Update (29/11/2013): After a discussion with Kenny Paterson, the conclusion below has been reworked to show more clearly that the choice of the encryption mechanism in the SSL Record Protocol should depend on whether client-side or server-side mitigation techniques can be relied on.
SSL/TLS is arguably the most widely-used protocol to secure communications on the Internet nowadays. It is used, for instance, to protect the sensitive traffic of e-banking and e-commerce web applications. It is also becoming more and more popular as the basis for Virtual Private Networks (VPNs).
During recent months and years, several weaknesses have been discovered in the SSL/TLS protocol. Some attacks target the way data is encrypted by SSL/TLS, namely BEAST, Lucky 13, and the RC4 attack. Other attacks, like CRIME and BREACH, are based on exploiting the way data is compressed.

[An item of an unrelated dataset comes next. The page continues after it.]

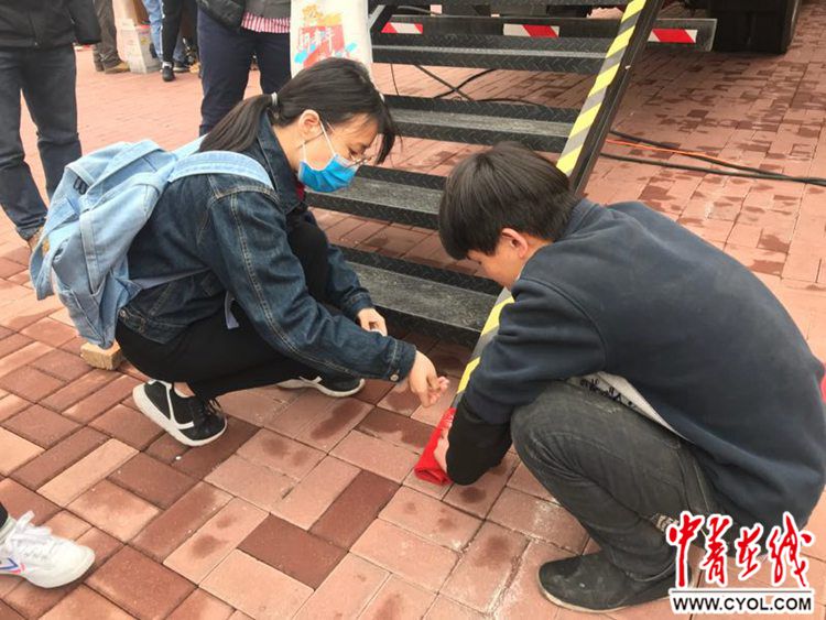 排队学生主动帮工人师傅修缮设备

Here, we focus on attacks targeting the way data is encrypted in SSL/TLS, because these attacks seem to have caused conflicting opinions about which SSL/TLS ciphersuites are most appropriate to mitigate them.
Back in March, Matthew Green recommended abandoning RC4 immediately. In September SSL Labs at Qualys deprecated RC4 in its SSL/TLS Deployment Best Practices guide. On the other hand, at the recent ECC 2013 conference in Leuven, Emilia Kasper defended Google’s use of RC4 as primary cipher. Google’s Adam Langley seems to reinforce that position in a recent blog post.

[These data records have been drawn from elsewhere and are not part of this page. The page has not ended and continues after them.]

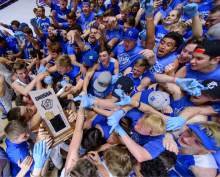 Bingham players and fans celebrate their win over Lone Peak in the 5A state high school basketball championship game, Saturday March 4, 2017.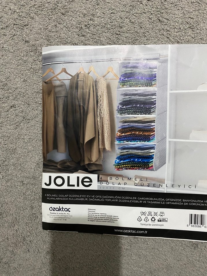 Jolie markasının 4 bölmeli gri dolap düzenleyicisi, kıyafetlerinizi düzenli şekilde katlayarak saklamanızı sağlar.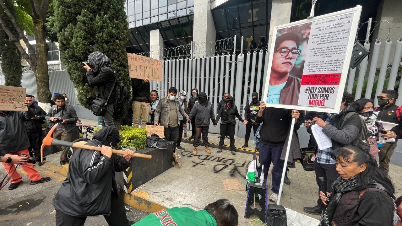 Con pancartas y gritos en referencia a una pronta resolución para los padres y hermana del fotoperiodista acaecido, acompañados por miembros de su equipo legal, la colectiva "Justicia para Miguel", dos representantes de asociaciones civiles de derechos humanos, sumaron unas 50 personas al pie del edificio del PJF, al sur de esta ciudad.

So: should we use CBC-mode encryption, RC4, or something else? Let’s first take a step back and briefly look at how SSL/TLS works, before diving into the actual attacks.
SSL/TLS is not a single protocol, but rather a set of protocols. In this discussion, we are only concerned with two protocols, namely the SSL Handshake Protocol and the SSL Record Protocol.
The SSL Handshake Protocol is essentially an authenticated key establishment (AKE) protocol: its purpose is to authenticate the client and server, and establish a common secret between them. It provides several key exchange methods, the most important ones being:
- RSA: in this case the client generates a secret and provides it to the server, encrypted under the latter’s public key
- Diffie-Hellman: in this case the client and server exchange their respective Diffie-Hellman public keys, and calculate a shared secret
The SSL Record Protocol subsequently uses the shared secret to protect the confidentiality and integrity of bulk data exchanged between the client and server, and to guarantee the freshness of the data using counters. It provides three ways to protect data:
- Using a MAC followed by encryption with a block cipher (e.g. AES) in CBC-mode
- Using a MAC followed by encryption with the stream cipher RC4
- Using a block cipher in a mode that provides authenticated encryption, such as GCM and CCM (available since TLS 1.2)
SSL/TLS cipher suites
SSL/TLS cipher suites consist of two parts. The first part determines the mechanism used to exchange the secret key (usually based on RSA or Diffie-Hellman), as well as the mechanism used to authenticate the client and/or server. The second part determines the algorithms used to MAC and encrypt bulk data.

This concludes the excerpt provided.